4. From my standpoint the standard slow optos should be more then enough, 1-100kHz switching frequency is more then enough to take care of our needs and it reduces losses due to switching(as long as the slow rise/fall does not increase on/off losses).  Should I get ride of the Dip8 Gate Driver and just use the Dip4 Opto Transistors.  Or should I do a limited run from Oshpark and pull out my trusty O-Scope and compare the Fast vs Slow opto's?
5. Did I make some huge mistake in this design.  (considering I have used both circuits at home and at work they should be fine combined, as long as you dont mix resistors/misplace the dip4)
6. Should I replace the 2 large terminal blocks with screw terminals like these http://www.digikey.com/product-detai...798-ND/2171014

Not sure if this should be in one of the larger forums, but for me its first and foremost for the Pegasus and later on it may be used for other things.

Edit
Just noticed I put C1 wrong, should go to pin8 on U2 and GND.
I tried replacing the 2 terminal blocks with those screw terminals. They are kinda big lol.  Might make good heatsinks.


Update......

HeadBed PCB8.jpgHeadBed PCB7.jpgHeadBed SCH2.JPG

----------


## Donziboy2

Got ride of the Pos Supply Post and just added a small jumper point for a wire.
Shank the board down to 2.77in square from 3.17in square.  I can probably make it smaller but would like some feedback.....
HeadBed PCB3.JPG
I kinda like the screw posts, they are a little cheaper and they make good large secondary heat sinks.

----------


## Mjolinor

I don't see why it is so complex. If I needed to do this I would use a P channel and a TL431 to drive the gate of the MOSFET. Making sure -ve was common.
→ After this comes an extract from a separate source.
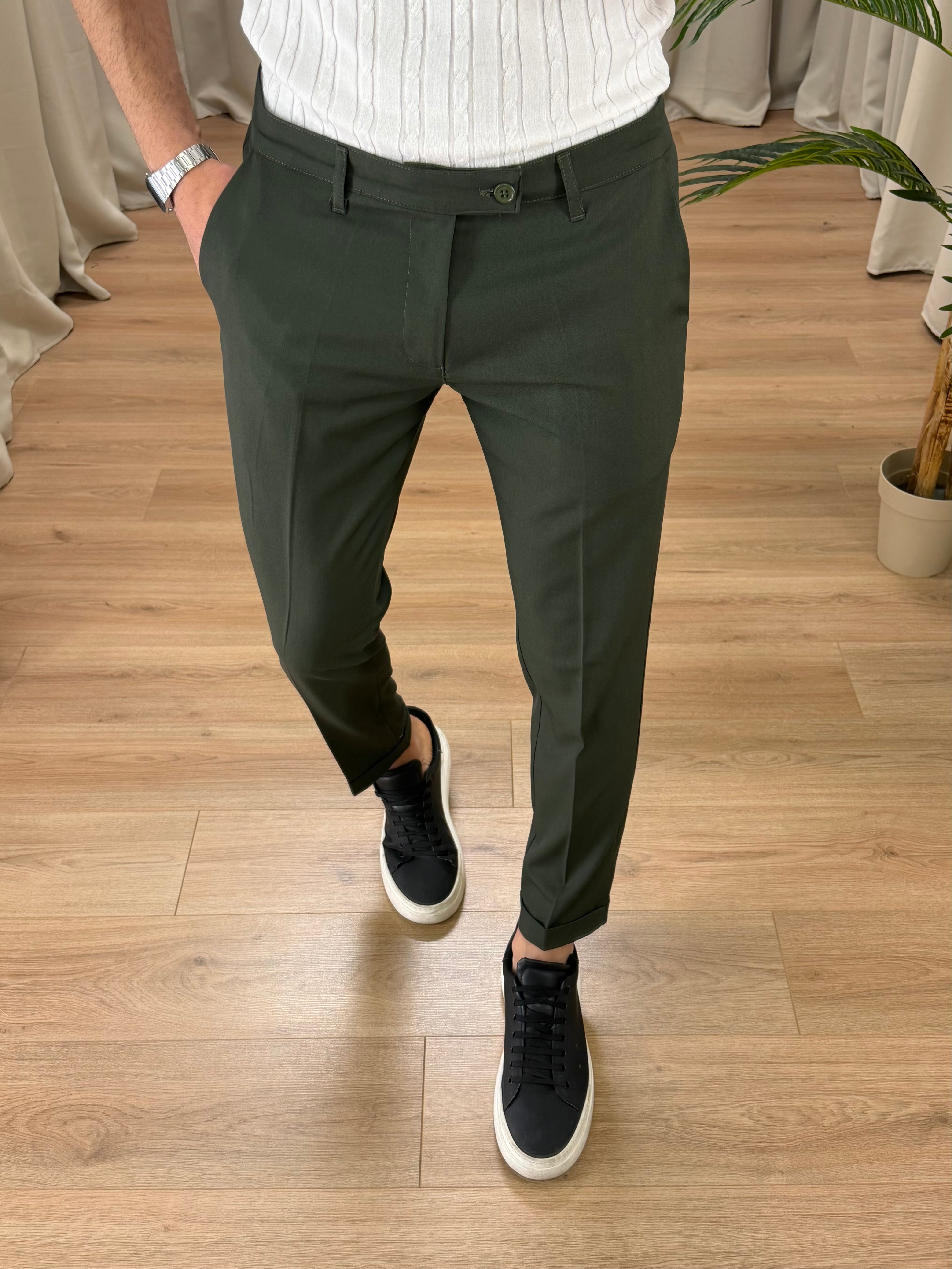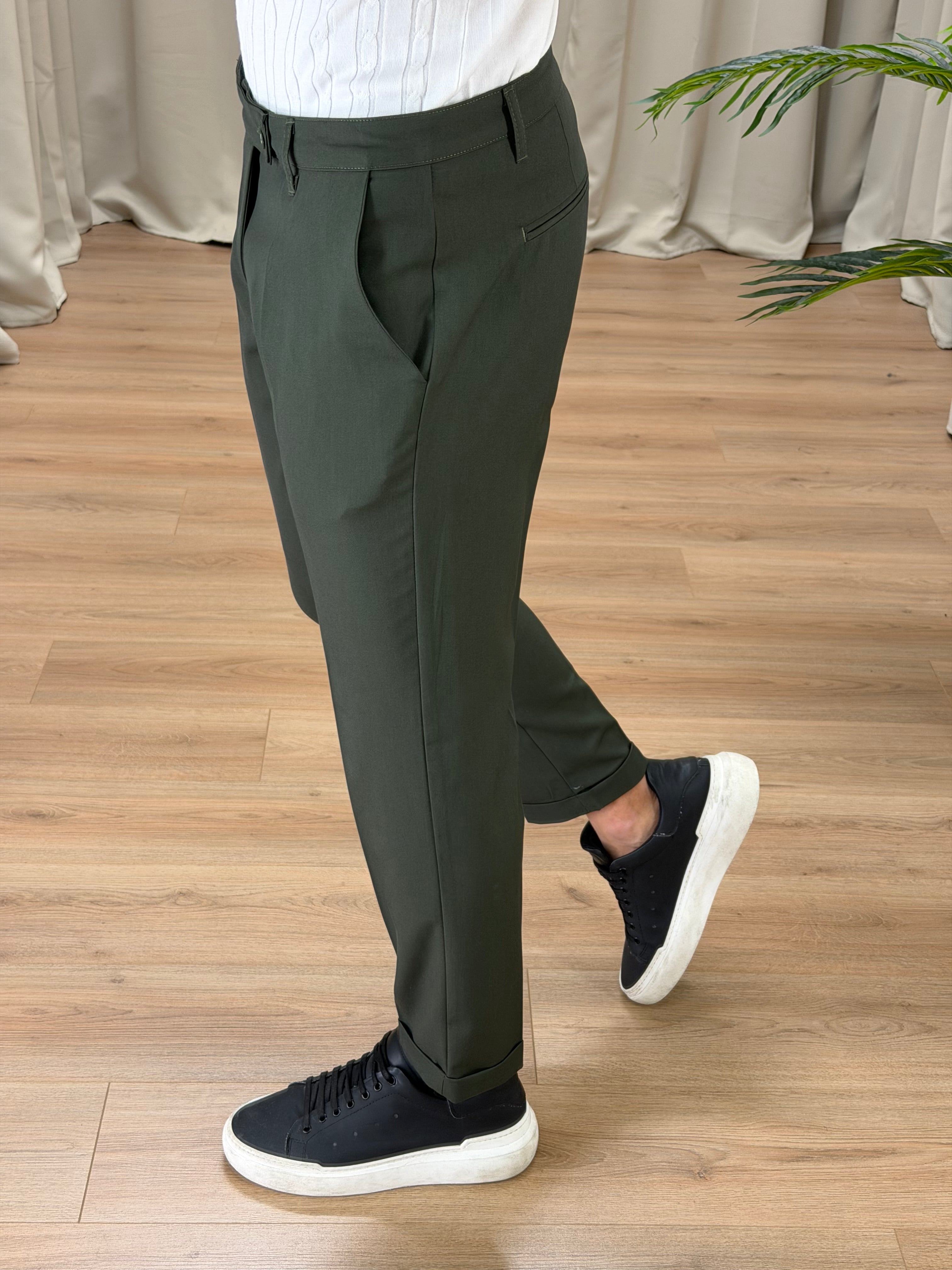 Pantalone Roma con risvolto col. Verde Militare

Can't see a need for anything more complex than that other than a couple of resistors to limit currents.

----------


## Donziboy2

Trying to isolate whatever your driving the load with from the higher voltages the load may have.

----------


## Mjolinor

Why? There is no need to do that at all.

----------


## Donziboy2

Fewer things go wrong that way.  I would rather desolder a few parts from a sub board then replace a micro controller...

----------


## Mjolinor

Good design is one that fulfils the requirements but does not overdo it. Opto isolators will be the fail point in your circuit, they always are. They do fail safe usually but without it the circuit will not fail at all for many years. You are driving a mostly fixed resisitive load so the strain on any components is well within the design spec. 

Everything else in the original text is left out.